O primeiro afeto — chamamos de afeto aquilo que nos toca intimamente de forma tao singela que quase passa desapercebido – aconteceu pelas as epífitas que habitam os fios de eletricidade em rio de contas. Esse fios, tão feios e desorganizados, desembelezam as cidades, sobretudo essa, tão delicada e harmônica. sempre pensamos como as cidades eram inicialmente, quando não existia eletricidade, muito menos esses cabos horrorosos passando por cima das casas...

Em rio de contas os fios também são feios, mas essas plantinhas dão um ar vivo aos mesmos, e criam beleza e graça. parecem partituras musicais, e em cada fio se organizam de forma diferente, as vezes nos fios de cima, as vezes nos de baixo.
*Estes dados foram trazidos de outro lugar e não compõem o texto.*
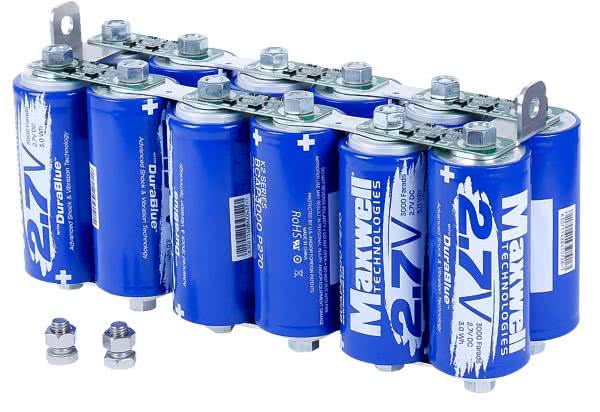 Do aplikacji wymagających samodzielnego zestawiania pakietów o dużych gromadzonych energiach dostępne są kondensatory z wyprowadzeniami osiowymi z gwintem M12, przystosowanymi do przewodzenia prądów rzędu kA (Maxwell Durablue) lub wyprowadzeniami przeznaczonymi do zgrzewania (Maxwell BCAPxxxxP270K05). Dla tych typów dostępne są akcesoria w postaci mostków prądowych o odpowiednio niskiej rezystancji, zapewniających nie tylko połączenie elektryczne, ale też mechaniczne pakietu oraz balansery dla współpracującej pary kondensatorów. Pakiet kondensatorów Maxwell Durablue z akcesoriami pokazano na fotografii 9.
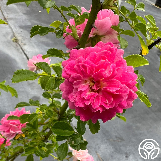 Lady Gay is a rare Rambler that has previously not been available commercially in the US. We are partnering with the American Rose Society (ARS) to save these nearly extinct ramblers from Anne Belovich’s personal rose collection with the goal of having this rose in three public gardens and at least 30 private collections. A portion of the proceeds of the sale of this rose will go back to the ARS’ Save the Ramblers initiative to further support the work of preserving these nearly extinct ramblers.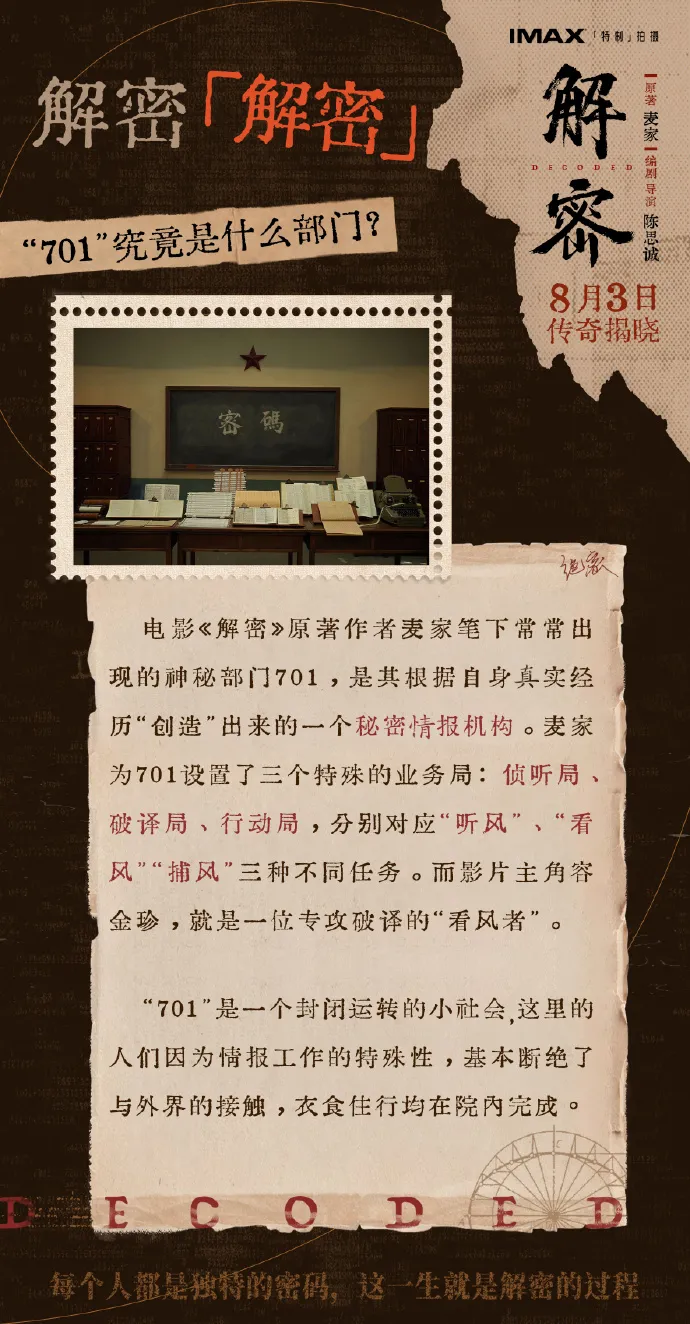 影片根据茅盾文学奖获奖者麦家的同名小说改编,陈思诚编剧并执导,刘昊然、约翰·库萨克领衔主演,陈道明、吴彦祖、俞飞鸿特别出演,任璐遥、陈雨锶、王雨甜、周游、朱珠主演,全程IMAX特制拍摄。电影《解密》将于8月3日全国上映,大银幕见证奇观巨制,震撼视听,不容错过。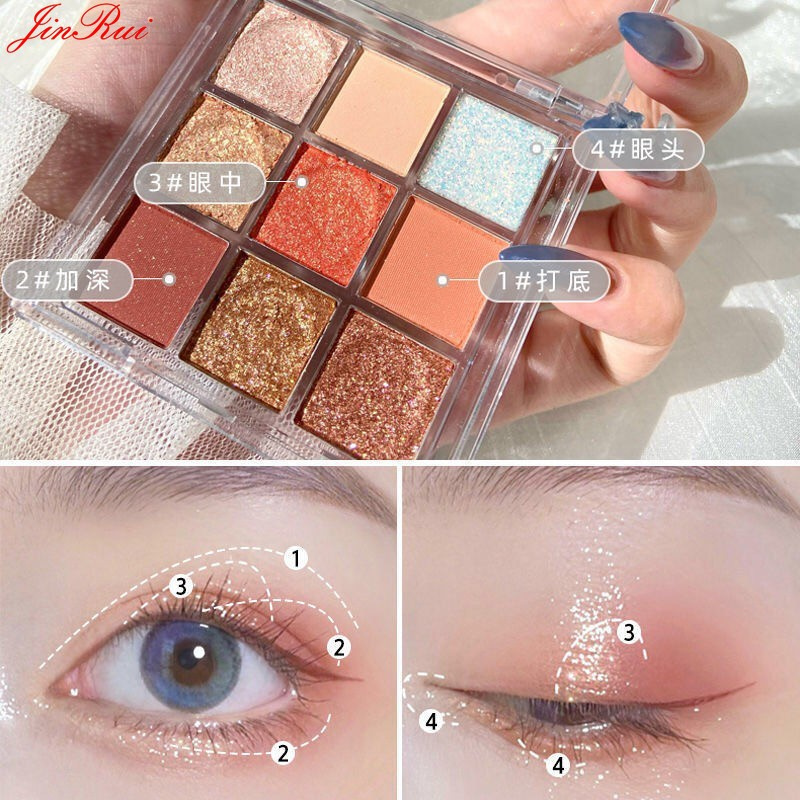9 Colours Matte Eyeshadow Shimmer Glitter Eye Shadow Powder Palette,Long Lasting Transparent Acrylic Eyeshadow Palette Pearly Matte Earth Color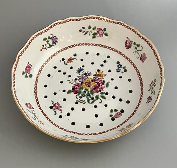 Frukt eller grönsaksfat med hål i botten, dekor i famille rose av blommor.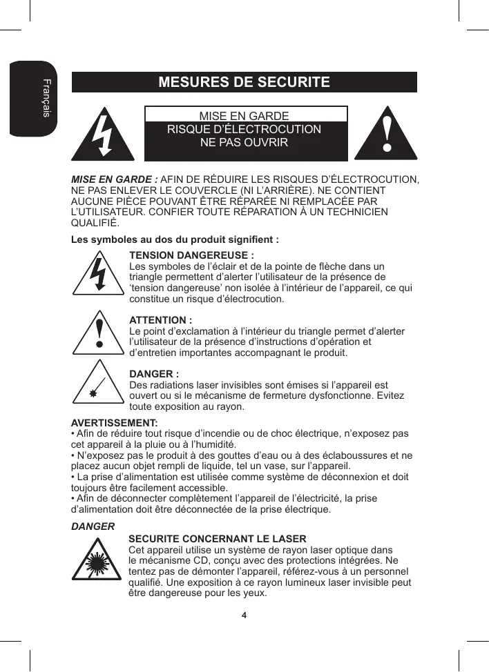 DANGER SECURITE CONCERNANT LE LASER Cet appareil utilise un système de rayon laser optique dans le mécanisme CD, conçu avec des protections intégrées. Ne tentez pas de démonter l’appareil, référez-vous à un personnel qualifié. Une exposition à ce rayon lumineux laser invisible peut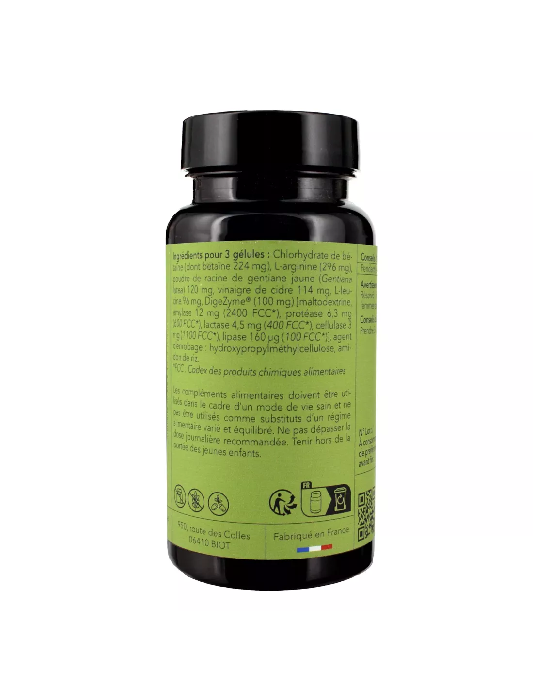 Ingrédients : Chlorhydrate de betaïne, l-arginine, vinaigre de cidre, agent d'enrobage : hydroxypropylméthylcellulose, poudre de racine de gentiane jaune (Gentiana lutea), DigeZyme® (maltodextrine, amylase, protéase, bêta-cellulase, lipase).

A vida nasce do fio de alta tensão, do lugar menos provável, mais inóspito, mais hostil. A vida existia ali, e dava graça ao desgraçado. A vida intrusa.

Esse afeto ja era o suficiente para uma ação, porém através de trocas na residência e conversas intimas percebemos que também fomos afetados por pessoas, pessoas que não precisavam de nenhuma brecha para mostrar a sua luz, a sua vontade de dar e compartilhar. Percebemos que nesse afeto, o mais pulsante era a vida brotando em situações e pessoas inimagináveis. a vida intrusa se revelava novamente.

Percebendo esse ponto de convergência, nossa ação foi, então, juntar esse dois afetos. Desenhamos em aquarela e nanquim os poéticos fios, e escrevemos cordéis, pequenos poemas, sobre essas pessoas que nos afetaram. Como forma de troca e de reconhecimento, regalamos esses pequenos objetos íntimos e afetivos a essas pessoas. Eram ações quase invisíveis aos olhos mais apressados, porém tocante ao (nosso) olhar devagar.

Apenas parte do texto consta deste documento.